Maintain Your Business’s Value By Blocking Screen Scraping

Posted by on Nov 21, 2013 in Screen Scraping | Comments Off

In an information economy, the key to building value is controlling who has access to your web content.  To have this control, you need a way to allow the right people just enough access to prove that what you have is valuable, but not so much access that they can take the information without paying.

Unfortunately, there will always be people who want to take content  without paying for it.  To do this, many software developers rely on screen scraping   to access free content  that is published on web sites. These developers access a web site programmatically and process the large numbers of  pages  to steal any  information that they want.

Defending against screen scraping  is hard because to your web server it looks exactly like a standard user using a web browser to access your site.  This is where ScrapeDefender  comes into play.  By monitoring all your web traffic, ScrapeDefender can identify those users who are stealing information from your site and stop them.

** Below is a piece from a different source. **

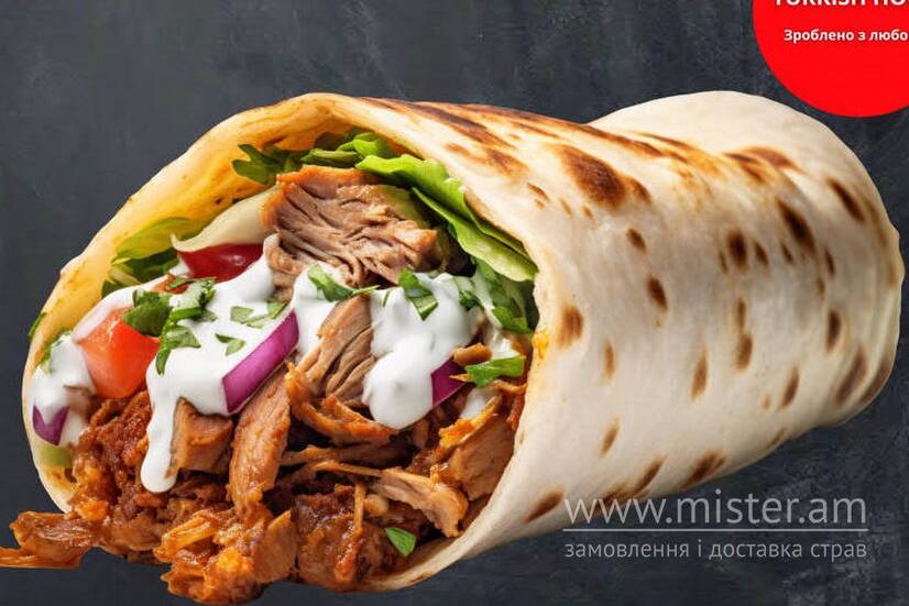 Лаваш, курка, капуста, морква по-корейськи, томати, огірок солоний, картопля, фірмовий соус.

That being said, not all screen scrapers are bad for your business.  Google indexes and ranks your web site by using their GoogleBot to perform a type of benevolent screen scraping on every page.  When building a defense against screen scrapers, it is important to realize that some scrapers drive value, while others are taking without giving anything back.

So, how do we tell good bots from bad?  ScrapeDefender generates  a diverse  collection of anti-scraping metrics about the offending user to determine what their goals are.  For example, the GoogleBot announces who it is clearly when it attempts to crawl your site.  Most poorly behaved bots try to hide their identity by stating that they are well known browsers like Internet Explorer or Firefox.  By combining the behavior of the user with the declared identity of the browser, ScrapeDefender is able to clearly determine if this is a person or a computer.  With this information, you have to decide if this scraper is a net negative or a net positive for your company and your bottom line.  The ScrapeDefender team  can help you figure that out, but for each suspicious scraper identified, there is a business decision to make.  For example, you might have a scraper grabbing one page of data once a day.  That is probably not costing you enough to spend the effort to block them.  Or you could have a scraper pulling down your entire site every day, which is worth blocking. car rentals .  Our unique dashboard (Hyperlink to demo page)  make it easy for you to determine what type of screen scraper you are dealing with and our experts can help you determine how to best deal with them.

Once you have identified a suspicious  scraper and determined that you want to stop them from crawling your site, the easiest solution is to block the IP address or limit how many requests that IP address can make in a reasonable amount of time.  This is most easily done through your Firewall.  ScrapeDefender also has plugins to block scrapers at various points in your infrastructure.

There are no easy answers to stopping screen scraping, but it is a challenge that every web site has to deal with.  The ScrapeDefender team is here to ensure that you know when somebody is taking your data without giving anything back.